In the first segment Catherine speaks with Jessica Lee, founder of the Community Peace Network. Her group is organizing the upcoming Walk for Peace and Unity, to take place on June 2nd in front of the White House. Their event is designed to coincide with the upcoming summit between President Donald Trump and North Korean leader Kim Jong Un. Lee was inspired to plan this walk in light of the recent developments on the Korean Peninsula. Jessica’s family has their own tragic story of separation, as her grandfather and his brother were separated during the Korean War, over 68 years ago. The prospect of peace and unification is a strong desire for so many in the Korean community, and Lee hopes to galvanize support during this unique moment in time. Although there are many variables and unknowns as this process unfolds, their goal is to bring the Korean community together to celebrate the prospect of peace, and encourage people to open their hearts and minds to the possibilities it holds.

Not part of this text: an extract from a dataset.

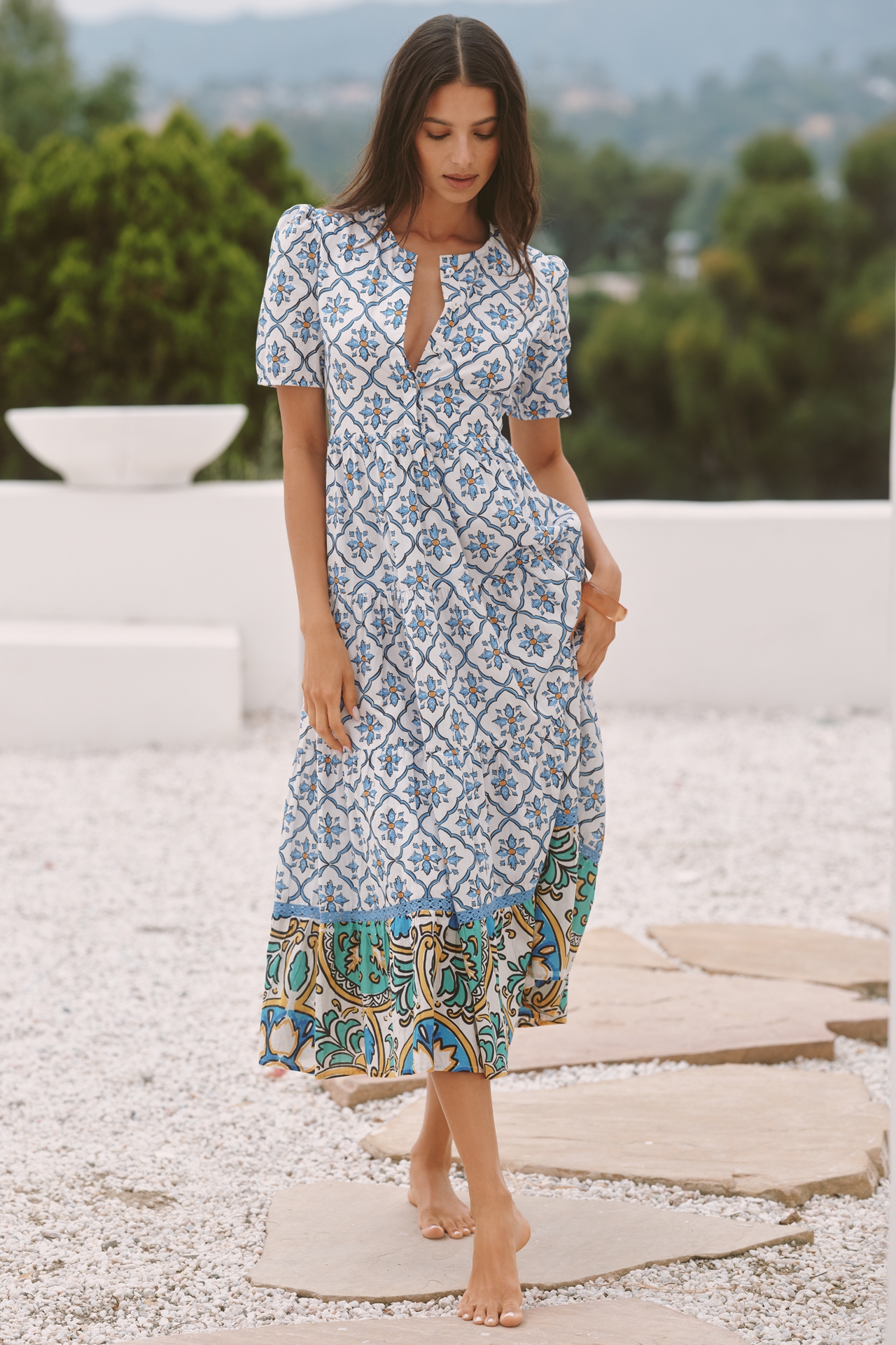 Ro's Garden Daphne Short-Sleeve Midi Dress
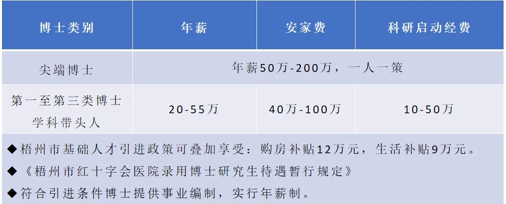 博士研究生學(xué)歷學(xué)位的急需緊缺專業(yè)人才:享受醫(yī)院引進(jìn)博士待遇20-200萬元/年,實(shí)行年薪制待遇一人一議,提供科研啟動經(jīng)費(fèi)10萬-50萬元,疊加享受梧州市人才引進(jìn)補(bǔ)助,安家費(fèi)52-125萬元,生活補(bǔ)貼9-12萬元。

The Community Peace Network is planning a celebration of the Korean community on June 2nd in front of the White House. Artists, musicians and speakers will add a festive nature to the event. Participants can signup via the website through an Eventbrite link, so the planners can do the best possible job to anticipate the size of the crowd and the needs of the participants. Their goal is to show solidarity with the Korean people, and support peace and unity, in whatever form it takes.
In the second segment, Catherine speaks with Margaret Fisher, co-founder of the Student Peace Awards of Fairfax County. Since 2006, her organization has recognized high school juniors and seniors who work as peacemakers, and have made a positive contribution to their school or the wider community by promoting mutual understanding and respect for all people. They award gifts to students throughout the 31 public high schools in Fairfax County, as well as a handful of private schools who participate in the program. Each school puts forward one student from their community that has demonstrated acts of peace. This recognition award is a wonderful way for these students to share what they have learned in their work to make this world a better place. Whether it is a student working to make the school community a safer and more peaceful place through acts of loving kindness, or it is one who is working with a non-profit like Amnesty International to fight injustice around the world, each of these students have made a lasting impact on those around them.

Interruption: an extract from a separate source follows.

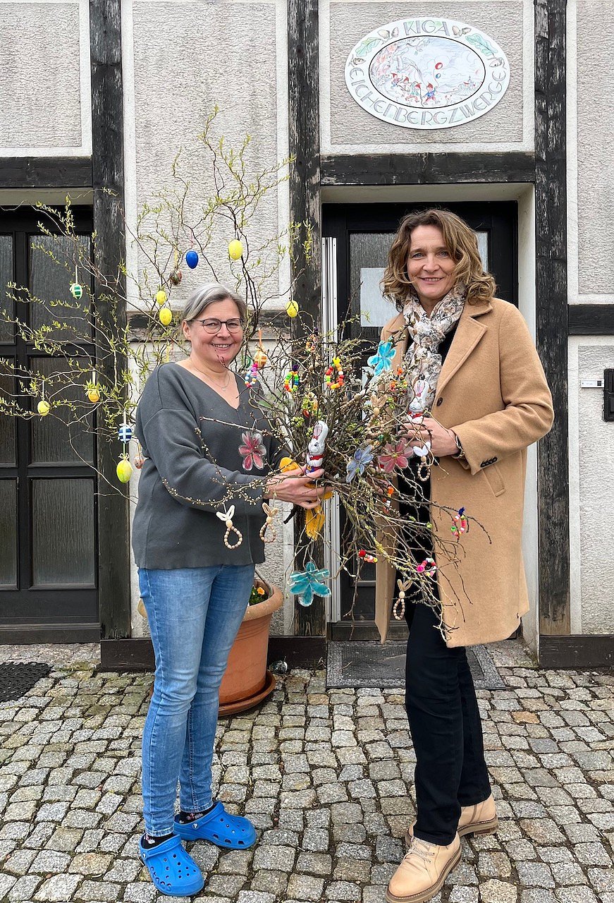 Jana Zöller übergibt den Kindern der Kita Kleine Spürnasen und Kita-Leiterin Liana Bauer im Beisein von Bürgermeistern Alexandra Rieger 112 Schoko- Osterhasen (Foto: Katrin Bergmann)

Fisher heads the nonprofit group, comprised of a volunteer board and supported by many local faith organizations. After the individual schools identify the award winner, a board member will visit each student in order to better understand their story. At the end of the academic year, the students receive a $200 reward for themselves as well as $100 to go towards any non-profit organization or project they have worked on. All award recipients are invited to attend a reception sponsored by the organization, as well as being recognized at their own high school awards banquets. The program is designed to promote peace and highlight students who go above and beyond to demonstrate peace or non-violent conflict resolution. Fisher adds that she is excited that this program is being replicated in Frederick, MD and hopes that more school systems will adopt similar programs throughout the country.